Translucide et bleutée, la coque arrondie du dernier né d’Apple rappelle davantage l’aspect d’un poste de télévision plutôt que celui d’un ordinateur de bureau. Dans un même volume sont réunis unité centrale et écran. Pour supprimer les nombreux câbles de connexion qui encombre la partie arrière des ordinateurs, Apple a fait appel à la nouvelle technologie USB (Universal Serial Bus) qui permet de brancher en série jusqu'à 127 périphériques. La connexion est réalisée soit par l’intermédiaire de multiprises, soit en branchant les appareils les uns sur les autres. La machine détecte et rend automatiquement opérationnels les appareils connectés. Pour 9 990 F en France, l’iMac est équipé d’un processeur G3 à 233 MHz, de 32 mégaoctets de mémoire vive, de 2 mégaoctects de mémoire vidéo, d’un disque dur de 4 gigaoctects, d’un lecteur de CD-ROM 24x, de deux hauts-parleurs stéréo surround intégrés, d’un accélérateur graphique 2D et 3D, d’un modem interne le plus rapide 56 00 bits/s) pour l’accès à Internet et d’une connexion Ethernet précieuse dès que les accès à Internet sur le câble se développeront. Seul le lecteur de disquettes brille par son absence. Aux Etats-Unis, les ventes d’iMac s’envolent.
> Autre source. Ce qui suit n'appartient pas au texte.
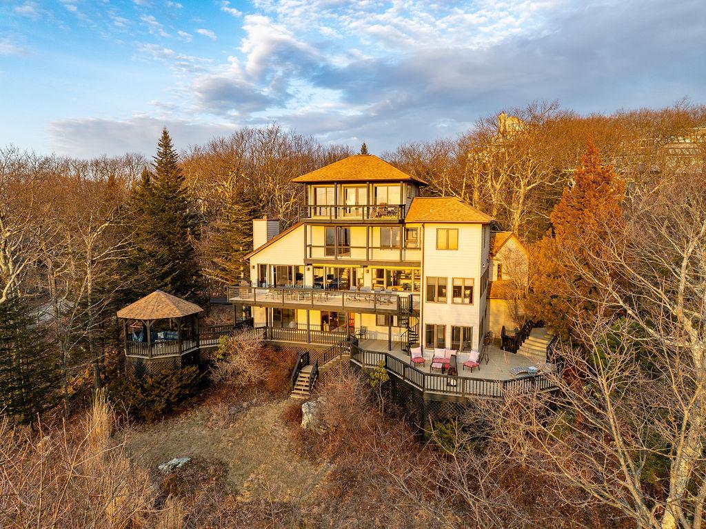 Spread over four towering stories, this Blue Ridge Mountain home is a destination itself offering nearly 5,000 square feet of living space and unparalleled western views that provide the backdrop for some of the most stunning sunsets in the Blue Ridge Mountains. Enjoy the outdoors on several floors of expansive decks perched above a beautifully landscaped near acre lot or relax in the luxurious and private spa tucked within majestic boulders. Significant improvements were made by the current owner, most notably a kitchen expansion to the dining area and gathering rooms. The vaulted living area with a stunning soapstone fireplace and intimate sunny lounge space anchor each end of the house The main floor also has a half bath, vaulted bedroom suite with an en suite and laundry The primary bedroom suite is spread across the entire next level and is home to 2 separate en suites and double walk-in closets Take the stairs up to the 4th floor observation floor, which is the perfect spot for an office or den where you can take in the views for miles As if that isn’t enough, the lower level has 3 bedrooms, two of which have en suites, another bathroom, exercise room, yoga space, full-size sauna, and garage. You may never want to leave!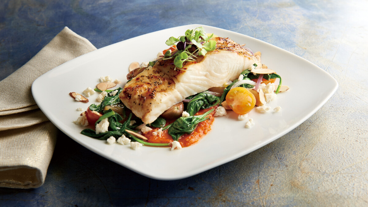 如果不吃牛可以選擇香煎比目魚佐烤紅椒醬,質地柔軟、味道溫和的比目魚,搭配大量蔬果、奶酪及堅果,在色澤鮮艷的西班牙烤紅椒堅果醬的烘托下,不論是香氣或口感,都是喜愛海鮮饕客的首選。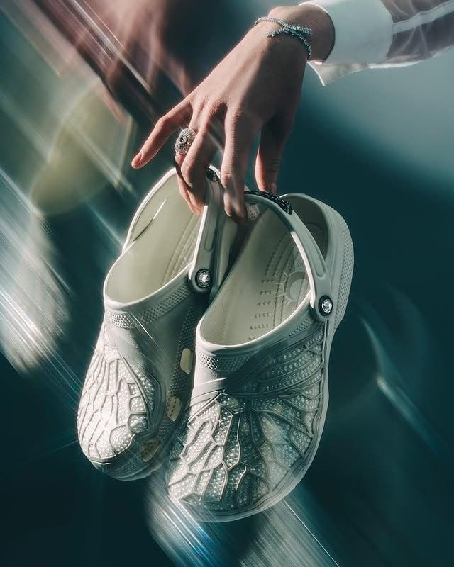 Компанії випустили блискучу лінійку сабо. До неї увійшли класичні Classic Clog і модель на платформі Bae Clog - обидві посипані кристалами Swarovski.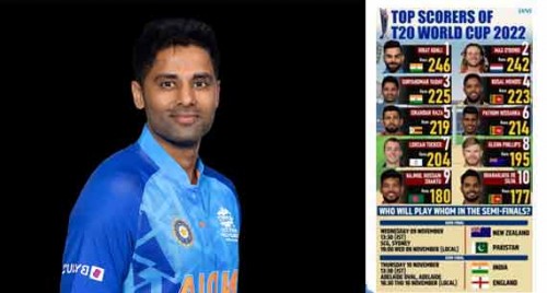 With 225 runs in five innings at an average of 75, Suryakumar is now the third highest run-getter in the tournament, behind team-mate and table-topper Virat Kohli (246 runs) and Netherlands' Max O'Dowd.

En moins de dix jours, les stocks des magasins ont été épuisés. 150 000 commandes avaient déjà été reçu le jour même de la mise en rayon. Selon Apple, les ventes d’iMac devraient dépasser à la fin de l’année le million d’unités dans le monde. En France, outre les 70 Apple Center présents, la FNAC engagée massivement derrière l’iMac l’ expose dans ses magasins depuis le 4 septembre. Les grandes surfaces devraient le présenter dans leurs rayons pour les fêtes de fin d’année. Alors que depuis deux ans, la firme à la pomme vendait de moins en moins d’ordinateurs, elle se trouve brusquerment confrontée à la situation inverse. L’engouement pour l’iMac fait ressurgir le risque de rupture de stocks risquant de décourager les clients les plus pressés. Tout en assurant que “plusieurs milliers de machines” sont présentes chez les revendeurs français, le directeur marketing d’Apple France, Jean-Pierre Giannetti reconnaît que les usines d’Apple aux Etats-Unis, à Singapour et en Irlande restent en phase de lancement de fabrication “à partir de la première semaine d’octobre, nous serons en mesure de calibrer la cadence de production en fonction d’une demande qui ne sera plus affectée par le pic sur le marché”. (Le Monde - 12/09/1998)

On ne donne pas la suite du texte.